O sucesso da terapia depende do engajamento do cliente e de sua disponibilidade para mudanças. Alguns usam o espaço de terapia para desabafar ou buscar uma aliança com o terapeuta para culpar fatores externos por suas dificuldades. Nesses casos, quando o terapeuta cobra a responsabilidade do próprio pelo rumo de sua vida e suas relações, o cliente costuma interromper o tratamento.
A alta ocorre quando ambos julgam que o motivo da queixa foi superado e os objetivos atingidos. Em quadros de demência ou transtornos de personalidade, o acompanhamento médico e familiar é indispensável.
4- ORIENTAÇÃO FAMILIAR
Questões como excesso de crítica ou de proteção que prejudicam o idoso precisam ser discutidas. A família pode ainda colaborar na aplicação de algumas técnicas, como desenssibilização sistemática, as tarefas de casa como exposição a situações evitadas, estratégias específicas de reforçamento positivo, modelação de comportamentos . Os pacientes com demência senil despertam sentimentos ambivalentes nos familiares que cuidam dele pois geram muito cansaço físico e emocional. A família pode ficar confusa e envolvida em um conjunto de comportamentos agressivos e compensatórios em função do sentimento de culpa que a agressividade desperta. A família precisa ser apoiada, orientada e alguns membros podem receber indicação para uma terapia individual.
TERAPIA COGNITIVO-COMPORTAMENTAL COM IDOSOS
A TCC oferece várias modalidades de ajuda ao público idoso. O atendimento psicoterápico individual ou em grupo caracterizam uma atuação direta com o cliente, mas há ainda a orientação familiar e de profissionais cuidadores do indivíduo, sempre com o intuito de melhorar sua qualidade de vida. As consultas podem ser realizadas a domicílio, quando o idoso não está em condições de se locomover.
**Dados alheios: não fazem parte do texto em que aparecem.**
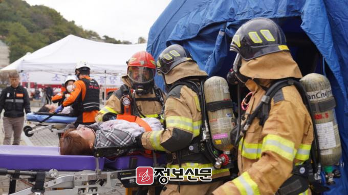 소방청과 전남도소방본부는 이날 규모 7.5의 지진으로 건물과 거북선대교가 붕괴되고, 선박 화재와 산불 등 동시다발적 화재와 폭발이 발생하는 복합 재난 상황을 가정해 실전과 같은 훈련을 펼쳤다.

Dentre as queixas mais frequentes desse público temos: depressão devido a perdas específicas ( viuvez, aposentadoria, mudança dos filhos para longe) ou mesmo em função das modificações biopsicossociais inerentes ao próprio processo de envelhecimento ( surgimento de doenças, mudança de papéis sociais e status, transformações da aparência física); descaso ou excesso de proteção familiar ; dificuldade de compreensão inter-gerações; desejo de mudar o estilo de vida. A terapia atua na melhoria da auto-estima do cliente através do questionamento ativo de suas crenças negativas e desenvolvimento de novos recursos comportamentais de enfrentamento das situações problemáticas.
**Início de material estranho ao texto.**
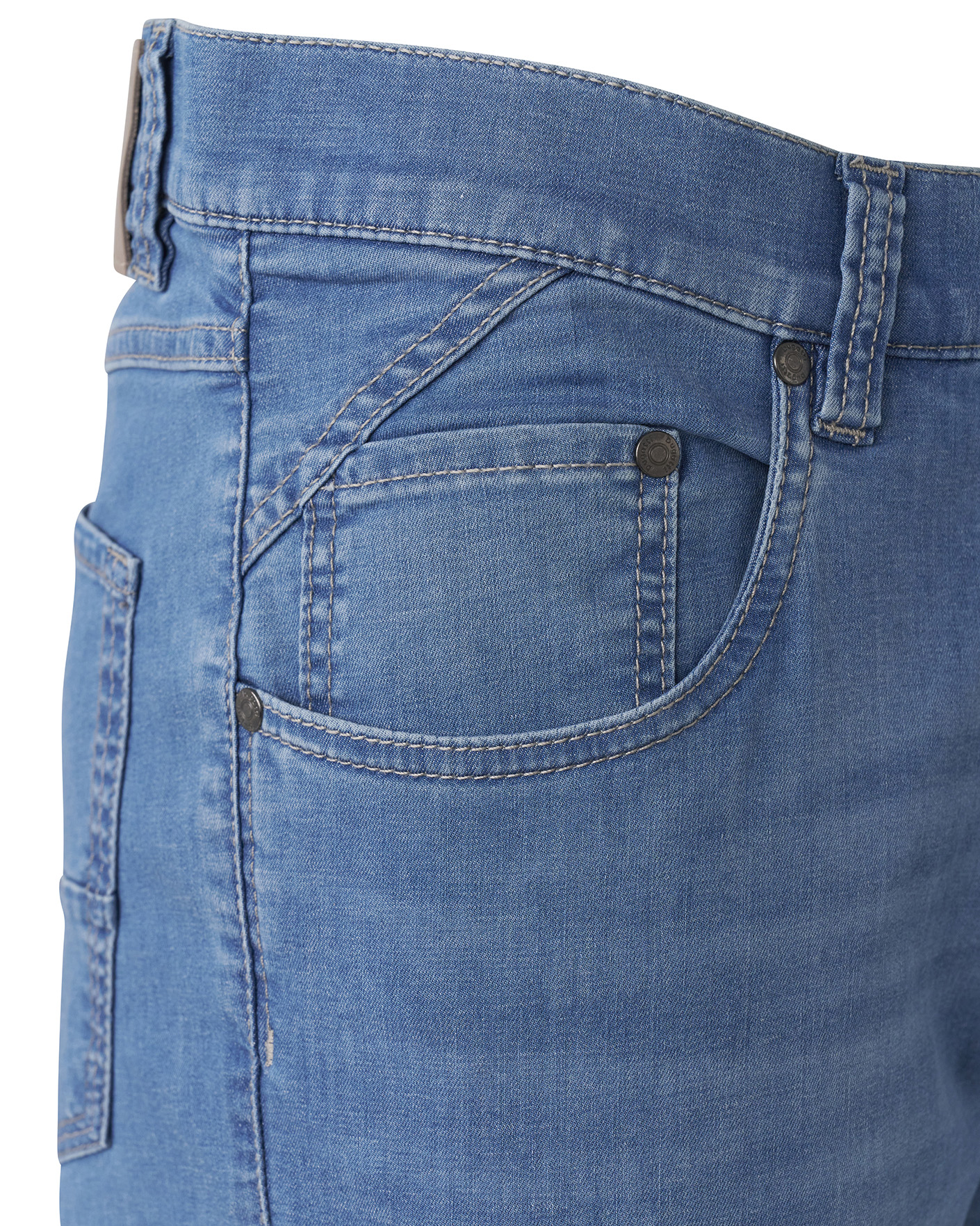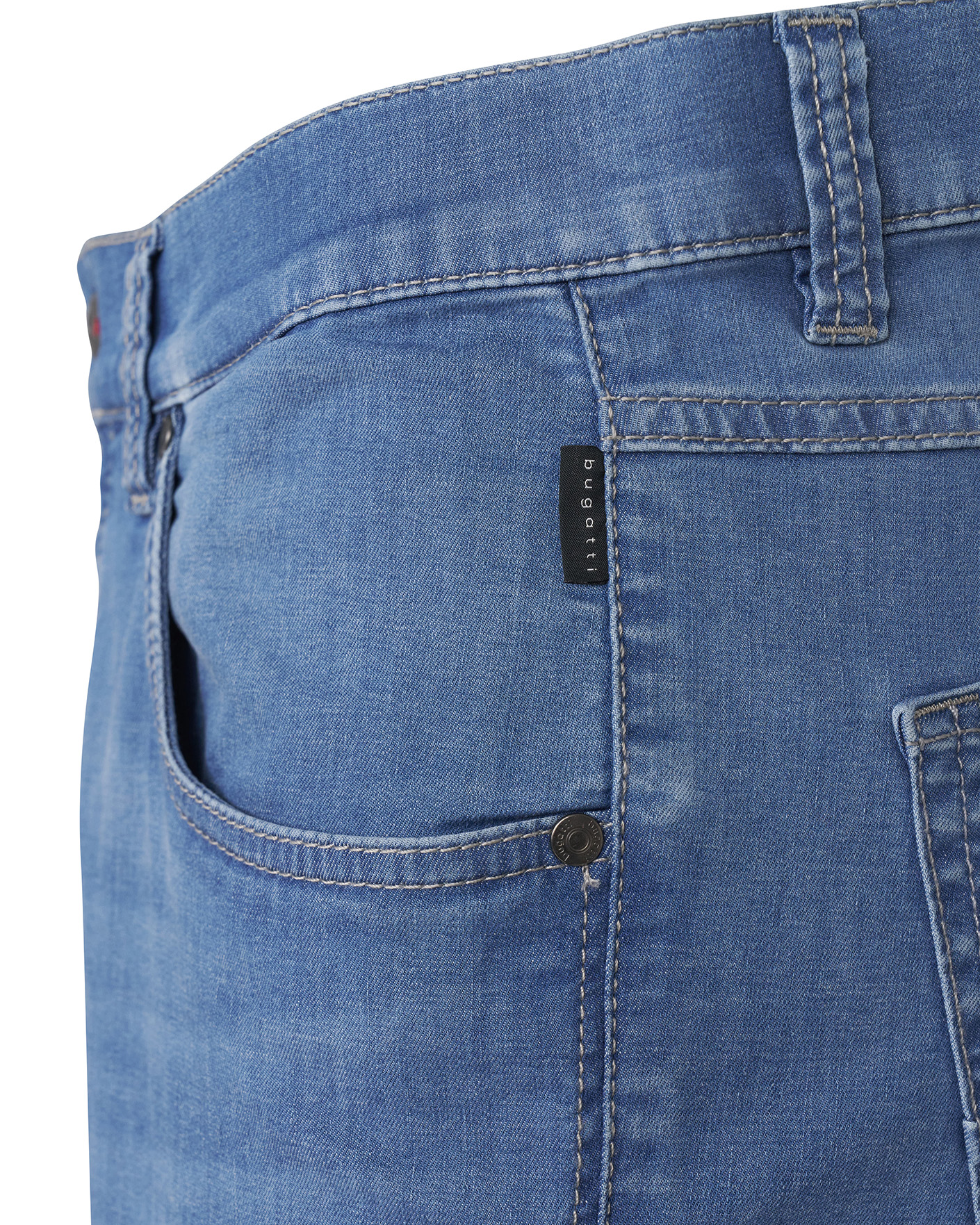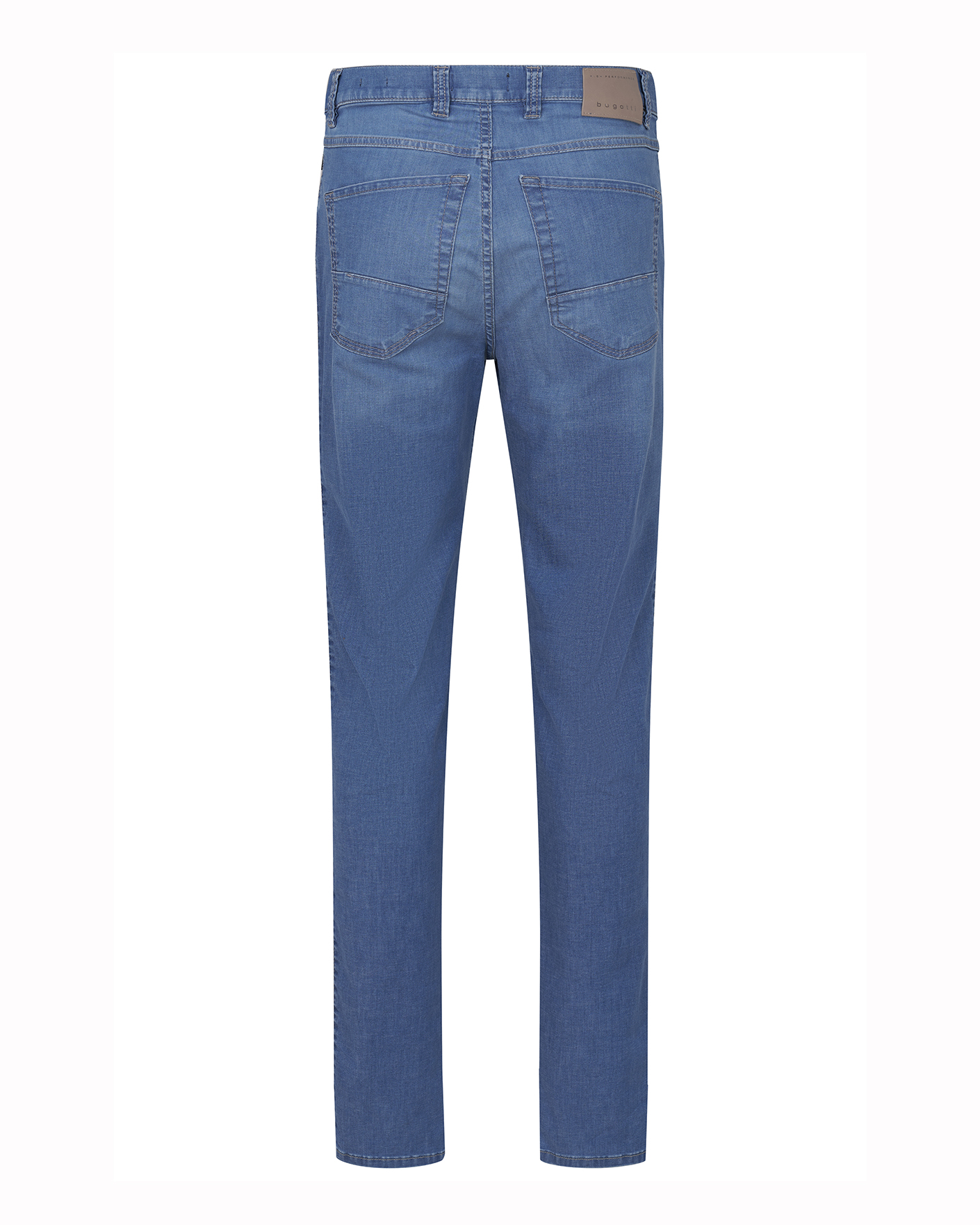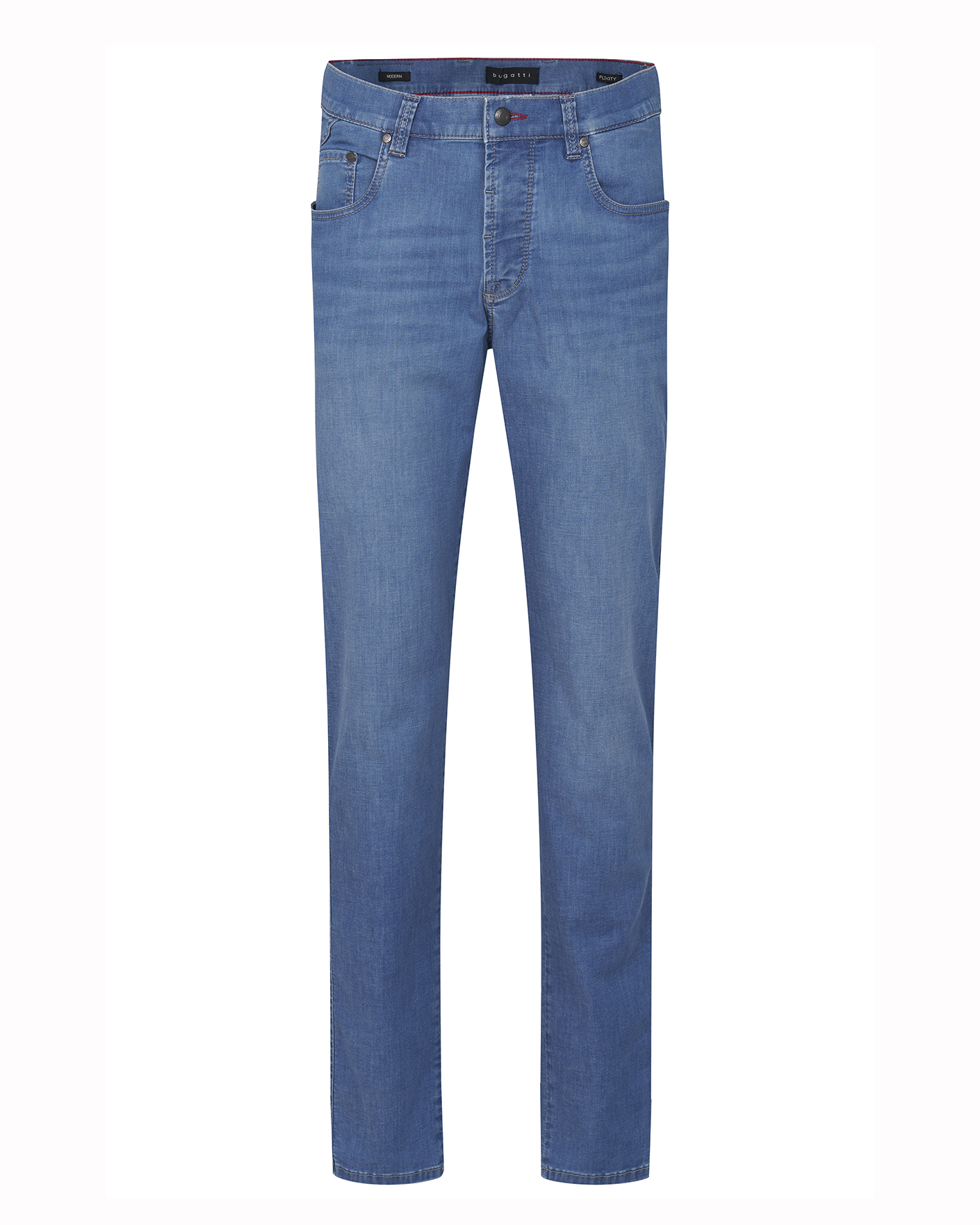 Джинсы Bugatti голубого цвета в строчный рисунок. Хлопковая модель на стандартной застежке, врезные карманы по бокам, накладные сзади. Джинсы отлично впишутся в повседневный гардероб.

A família enfrenta dificuldades em se adaptar às novas necessidades e limitações dos seus membros mais idosos. Esse problema se agrava quando o idoso apresenta algum tipo de demência senil, ou dependência física muito grande. A orientação familiar tem dois objetivos básicos: analisar e implementar as alternativas mais adequadas para maior satisfação de ambas as partes, e estimular e facilitar a comunicação honesta das expectativas e sentimentos de todos os envolvidos.